Peasant Uprising of 1902
Peasant Uprising of 1902
in Poltava and Kharkov provinces, a rebellion that flared up as a result of an incipient revolutionary crisis in regions where the capitalist transformation of the landlord economy led to mass impoverishment of the peasants, which was exacerbated by the poor harvests of 1901. Political action by the proletariat and propaganda by the Social Democrats revolutionized the peasantry. The revolt spread through the neighboring districts of Konstantinograd, Poltava, Valki, and Bogodukhov. Up to 40,000 peasants took part in the uprising. Between March 7 and April 3, 105 landlord estates were ransacked. The peasants seized grain, livestock, and equipment.

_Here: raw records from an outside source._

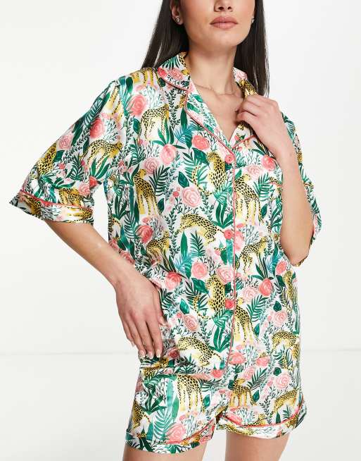 Night - Multifarvet kort pyjamassæt i satin med leopard- og rosenprint
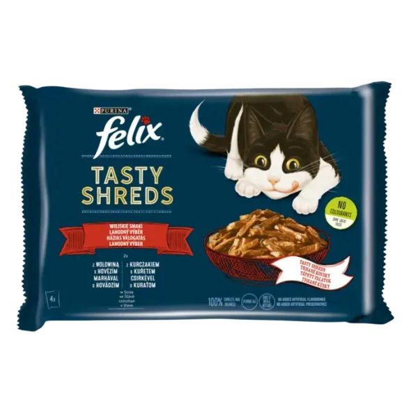 FELIX® Tasty Shreds – Wiejskie smaki z wołowiną i kurczakiem 4x85g
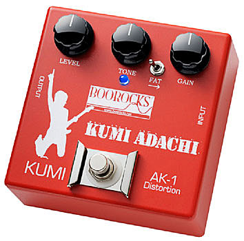 ロックからジャズ・フュージョンまで幅広い音楽性を持つアーティスト・安達久美の多彩なサウンドに対応するため、加えてBOOROCKS独自のサウンドを追求するため、ヨーロッパ製、アメリカ製をはじめ厳選を重ねたパーツを使用して、驚異的なレスポンスの早さ、広いダイナミック・レンジを実現。さらに徹底したローノイズ性は他の追随を許さない。また、ハムバッキングとシングルコイルというまったく性質の異なるピックアップであってもベストなディストーション・サウンドを供給できるよう、ファットスイッチを装備。もう1段、歪みの幅を広げられる。エフェクト・オフ時の音質低下を防ぐために、トゥルー・バイパス・スイッチ採用。女性アーティストとして、日本初のシグネチャーモデル・ディストーション。
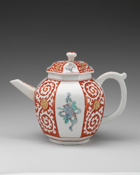Editor: This is the “Teapot with storks,” crafted sometime between 1730 and 1745. It's porcelain from Chantilly, a ceramic sculpture actually. What a delightful piece of decorative art! It feels so light and whimsical to me, almost like it belongs in a fairy tale. What jumps out at you when you see this teapot? Curator: Whimsical, yes! It has a carefree spirit. The dancing storks immediately grab my attention, like a playful ballet frozen in porcelain. But let’s zoom out. It's French porcelain mimicking Chinese designs— a fashionable affair at the time! Do you notice how the artist adopted Chinese motifs and palettes? Editor: Now that you mention it, I see that in the color choices, but also those stylised plants that do feel distinctly Asian inspired. So, it’s like a French artist’s interpretation of Chinese art, all on a teapot! Were these types of items mostly for show or practical use back then? Curator: Both, really! Though let’s be honest, sipping tea from this would’ve been a rather luxurious affair. More about displaying status and refined taste, wouldn’t you say? I can imagine ladies in powdered wigs clinking cups around a table, discussing… what, fashion? Revolution? Stork gossip, perhaps? Editor: I love that image! This teapot seems far more interesting now, knowing all this. It's not just a pretty object; it tells a story about trade, artistry, and high society. Curator: Precisely! Isn’t it wonderful how a simple teapot can contain a whole world?

The uprising was crushed by troops, and there were mass executions. Of 1,092 persons brought to court, 836 were sentenced to prison. By the decree of May 11, 1902, the government imposed 800,000 rubles in retribution payments on the peasantry for losses suffered by the landlords. This decree was repealed in 1904.
Disturbances in Kursk, Chernigov, Voronezh, Kherson, Saratov, Simbirsk, Riazan’, Volyn’, and PodoPsk provinces and in the Kuban’ during the summer and autumn of 1902 were evoked by the uprising in Poltava and Kharkov provinces. Under the Decree of May 5, 1903, a district police guard was created in the 46 provinces of European Russia.
REFERENCES
Lenin, V. I. “K derevenskoi bednote.”Poln. sobr. soch., 5th ed., vol. 7.Krest’ianskoe dvizhenie v Poltavskoi i Khar’kovskoi guberniiakh v 1902: Sb. dokumentov. Kharkov, 1961.
Emliakh, L. I. “Krest’ianskoe dvizhenie v Poltavskoi i Khar’kovskoi guberniiakh v 1902.” In the collection htoricheskie zapiski, vol. 38. Moscow, 1951.
Derenkovskii, G. M. “Leninskaia Iskra i krest’ianskoe dvizhenie v Poltavskoi i Khar’kovskoi guberniiakh v 1902 g.” In the collection Doklady i soobshcheniia Instituta istorii AN SSSR, 1954, issue 2.